En cuanto supe que no había asientos disponibles, por lo que el viaje lo haría de pie, amontonado con otros 10 o 15 pasajeros en el pasillo, avizoré la catástrofe. Comenzó mi viacrucis hecho a mi medida, ya lo dije. El autobús salió media hora después de lo programado. Oí a mis paisanos narrar, eufóricos y sin ningún rubor ni pudor, sus experiencias, apenándome por ser paisanos míos y por mi cobardía. Ninguno de ellos me preguntó nada y me desaparecieron en cuanto se quedaron dormidos en sus asientos.

 

En ese tiempo se viajaba por Oaxaca, por lo que se hacía un largo rodeo. Por suerte, nunca tuve problemas de vértigos por las muchas curvas de la carretera, solo me mareaban las femeninas, quizá porque nada más  las miraba sin atreverme a alargar la mano. Asimismo, ingería escasos alimentos y tomaba poco agua, ya que los autobuses no contaban con sanitarios. No sé cuántas estaciones –entiéndase pueblos- tuve que padecer en ese viaje; a mí me parecieron muchísimas, más de las que Cristo enfrentó.

 

La gente bajaba y subía del autobús, y nada que hubiera un asiento. Así que a ratos tuve mis caídas, sentándome en un brazo del asiento o en el de una persona que protestaba de inmediato. Otras veces de plano me senté en el pasillo de manera incómoda, ya que no podía estirar mis pies. No hubo una hija/o de Dios que se apiadara de mí. Me hizo falta un émulo de Simón el Cirineo o de Verónica. En  cada pueblo donde el autobús paraba despertaba de mi somnolencia para ver que nadie bajara mi veliz y dos cajas de comestibles que mi madre me encargó llevar. Renacía mi esperanza de que alguien hubiera llegado a su destino y me cediera el asiento. Nunca ocurrió el milagro tan apetecido.
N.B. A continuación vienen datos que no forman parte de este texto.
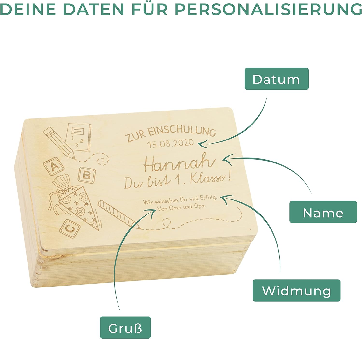• Individuell gravierte Geschenkbox zum Schulanfang. Ein Geschenk, mit dem die kleinen ABC-Schützen diesen aufregenden Tag für immer im Gedächtnis behalten

Mi buena suerte no viajó conmigo ese día no obstante ser días santos, y yo llevaba años de fantasear ser santificado un día.

 

En ese viaje conocí la angustia que da el temor a espacios confinados que, aunado al hambre, a una sed espantosa y al miedo a ser robado de mi dinero, me hizo vivir una pesadilla. Al llegar al DF, sentía muy extraño mi cuerpo y miraba el ambiente de un color distinto al habitual. Al dar mis primeros pasos, tembleque, por la avenida Zaragoza en busca de un taxi, salí de la pesadilla del viaje y entré a la tortura de cargar el veliz y las cajas, una de ellas con una enorme sandía, de esas que entonces daban fama a Ixhuatán; “sandía de Roncaglia”, se decía.

 

Una de las ciudades por las que teníamos que pasar, Tehuacán, ya era famosa en Ixhuatán no solo por su agua mineral, sino porque de allí venían las cajas de Huevos El Calvario. Caja de cartón que no solo servía para llenar de comestibles, sino también como veliz de pobre. El chiste era llegar al DF con cosas de la tierra y compartirlas con los familiares, quienes suspiraban al ver totopos, camarones, queso seco, pescados, mantequilla, cemitas, dulces, chorizo, tasajo, etcétera. Nada importaba que los brazos, al cargar tanto peso, quedaran adoloridos y entumecidos por días.

 

Después de esa experiencia, nunca más me atreví a venir a Ixhuatán en Semana Santa. Lo hacía en mayo –cuando en la escuela había vacaciones, las mismas que ahora existen- y en diciembre. ¡Adiós, Semana Santa! ¡Santo remedio!